Hospital CIOs have identified quality reporting from electronic health record (EHR) systems as one of their greatest challenges related to meaningful use compliance under the federal American Reinvestment and Recovery Act/Health Information Technology for Economic and Clinical Health (ARRA-HITECH) Act. In March, David Muntz, senior vice president and CIO of the Baylor Health Care System in Dallas, told the federal Office of the National Coordinator Standards Implementation Workgroup that the most significant impact of meeting meaningful use on his health system’s existing plan has to do with the required quality reporting. Baylor eventually would like the activities of documentation and ordering to produce the data it currently collects manually through chart abstraction. But he added, “If we rush to meet the Stage 1 criteria before we have deployed our enterprise-wide designed EHR in our hospitals and ambulatory settings, we will have to sub-optimize our processes to gather some of the numerators and denominators required to compute the proposed metrics.”
Muntz was one of several CIOs to appear before the workgroup on that occasion.

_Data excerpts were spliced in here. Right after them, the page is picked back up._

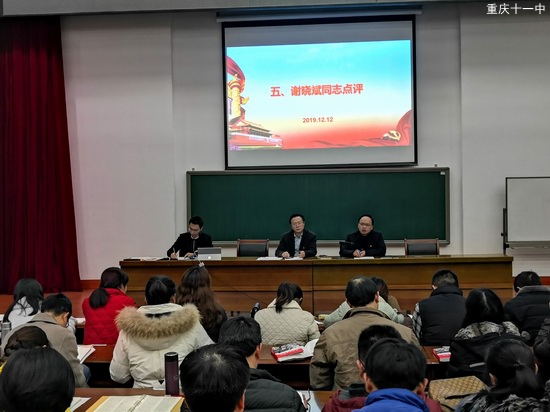 2019年12月12日晚上6点,中共重庆市第十一中学校高中第二支部委员会全体党员聚集在重庆十一中CBD校区报告厅,召开“不忘初心,牢记使命”主题教育专题组织生活会和民主评议党员大会,大会由高中第二党支部书记艾林同志主持,校党委委员、副校长谢晓斌同志参加会议。
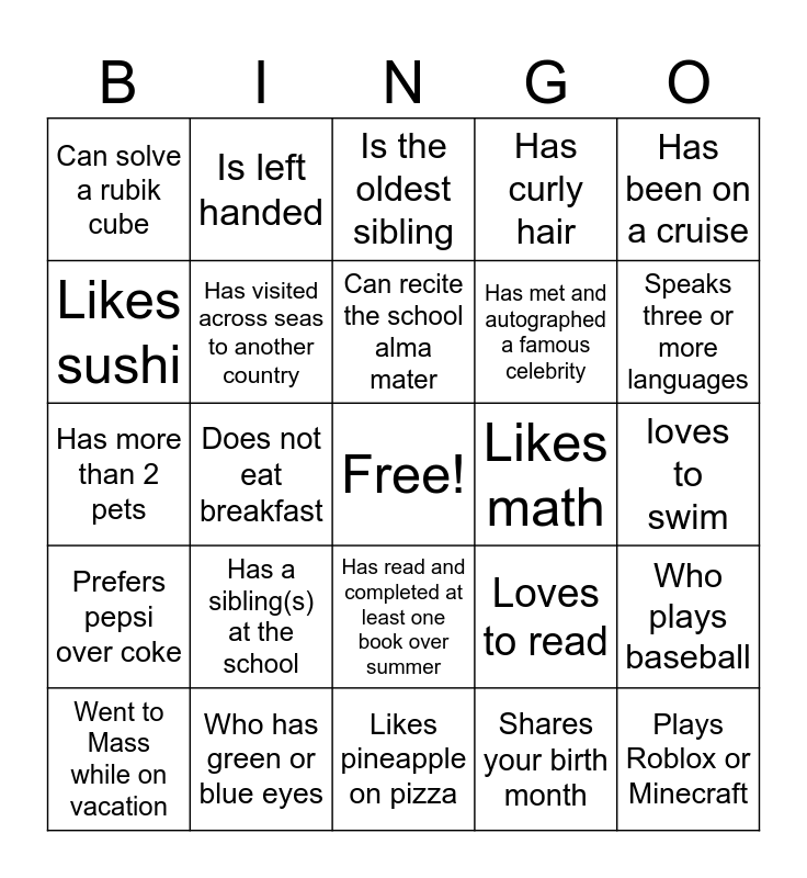 This bingo card has a free space and 24 words: Went to Mass while on vacation, Has a sibling(s) at the school, Can recite the school alma mater, Shares your birth month, Has been on a cruise, Can solve a rubik cube, Is left handed, Is the oldest sibling, Likes math, loves to swim, Has more than 2 pets, Has visited across seas to another country, Loves to read, Who plays baseball, Likes sushi, Who has green or blue eyes, Likes pineapple on pizza, Has curly hair, Speaks three or more languages, Prefers pepsi over coke, Does not eat breakfast, Has read and completed at least one book over summer, Has met and autographed a famous celebrity and Plays Roblox or Minecraft.
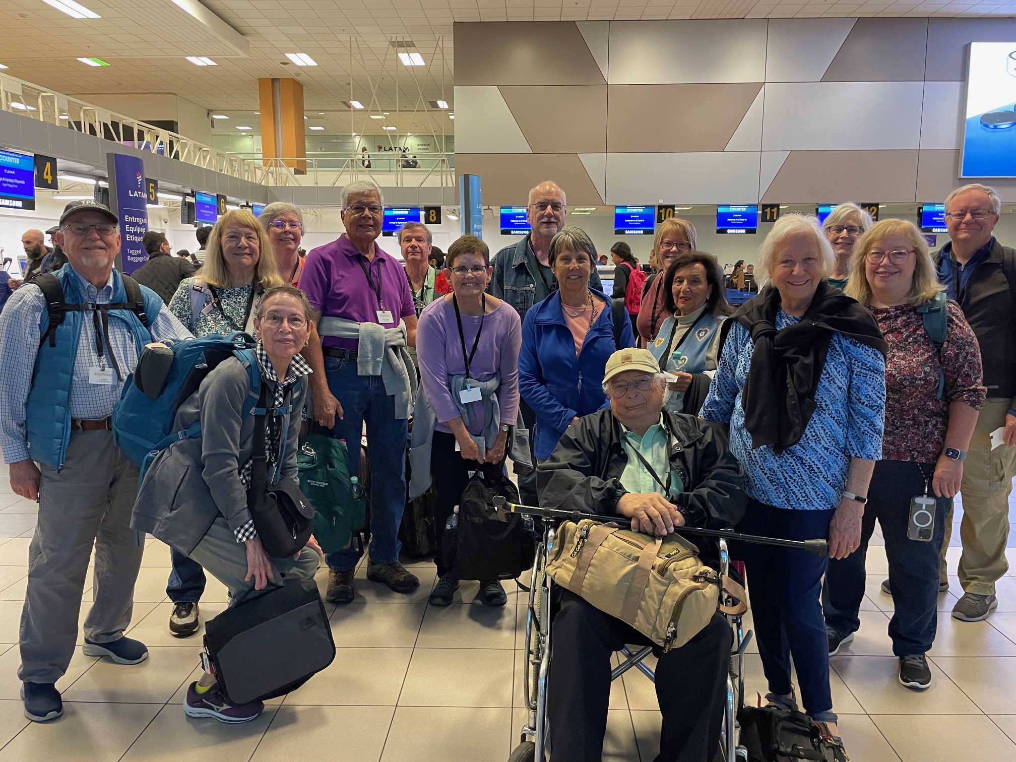 The Peru travelers enjoyed a pre-trip lunch at a Peruvian restaurant. 12 local travelers plus 4 non-attendees (from out of town)! They enjoyed trying out the cuisine and sitting in front of a mural of Lima, Peru!

One of his colleagues, Chuck Christian, CIO of the Vincennes, Ind.-based Good Samaritan Hospital, told the workgroup that all of his 232-bed hospital’s quality reporting is currently done manually by a retrospective review of the clinical record. “For us, having to go back now to look at what we need to do in order to produce these electronically, there is a significant amount of change that we’re going to have to implement,” Christian said.
Mike Sauk, CIO for the University of Wisconsin Hospitals and Clinics in Madison, echoed their concerns, telling those assembled that “A lot of the data that’s being requested isn’t in any EHR right now, so that, for us, will probably be the biggest challenge if that’s a hoop that we have to jump through before release of meaningful use funds.”
One industry leader finds herself encouraged
Yet despite these CIO misgivings, Carol Diamond, M.D., managing director of the Health Program at the New York City-based Markle Foundation, summed up a meeting last week in Washington, D.C., at the Brookings Institution’s Engelberg Center for Health Care Reform, by saying that she’s encouraged that a paradigm shift in quality reporting is already underway.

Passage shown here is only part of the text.